There is much that has surprised about Britain’s recent economic performance. Among the less pleasant of these surprises has been the absence of an export bounce that might have propelled the economy on to an upward growth trajectory.
Such a bounce was more expectation than hope, given the sustained weakness of sterling.
At the very first rumblings of the financial crisis four years ago this summer, the pound began to slide vis-a-vis the euro and most other hard currencies.
As Britain’s economy is so dependent on London’s financial sector, the onset of the global credit crunch led to fears for its economic stability and hence a sell-off of sterling.
At one point towards the end of 2008, the pound had lost almost a third of its value against the single currency and approached parity. Although it recovered from that low point, it has remained weak.
Despite this, Britain’s export engine has managed only occasional splutterings. As the British balance of payments deficit with the rest of the world remains near record highs, the argument that it was just a question of time before the competitiveness gains of devaluation would feed through to the export numbers is past threadbare.
Less negatively, the British economy did not suffer as badly as it might have done in the post- Lehman crash, either in terms of output or employment.
Among the G7 economies, its performance by those indicators was only a little worse than average, despite having the most indebted households and the biggest financial system relative to GDP. These factors could have made the UK recession much deeper than most of the other big economies.
That recession did not turn to depression owes much to an extraordinarily accommodative fiscal-monetary mix.
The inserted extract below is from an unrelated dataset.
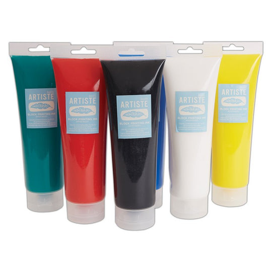 Artiste Water-Soluble Block Printing Ink, Pack of 6 Colours, 300ml, for Block Printing, Lino Printing, Linoleum, Screen Printing, for Artists Kit, Printmaking Art Paint Ink Supplies, Water-Based

Both the government and the central bank put their respective pedals to the floor. This potent combination pulled the economy out of its nosedive in 2009, but it has not been enough to generate any real momentum behind recovery.
And, unlike most of the other G7 members, including the US, the British economy is still smaller than before the crisis started.
What to do?
Over the weekend, Vince Cable, the business secretary, called on the Bank of England to extend its money-printing programme, known as “quantitative easing” or, (more pronouncably) QE.
Independent central banks hate being harangued by politicians and Cable’s call risks being counterproductive – if the Bank of England’s decision on more QE is borderline, it may decide against for fear of giving the merest appearance of following the executive’s orders.
If the conduct of British monetary policy has been controversial, its fiscal stance has been subject to worldwide debate.
As the first G7 economy to move aggressively towards balancing the books, many economists, in Britain and abroad, have warned that the tightening is premature. Yesterday’s near-stagnant second quarter growth figures give some additional support to the fiscal doves.
From our narrow perspective, the weakness across the water has been bad for exporters. As the chart shows, Irish exports to Britain were on an upward trend from the second half of 2009 until the end of last year. They have since fallen back. It will take a stronger recovery in Britain to return them to the right track.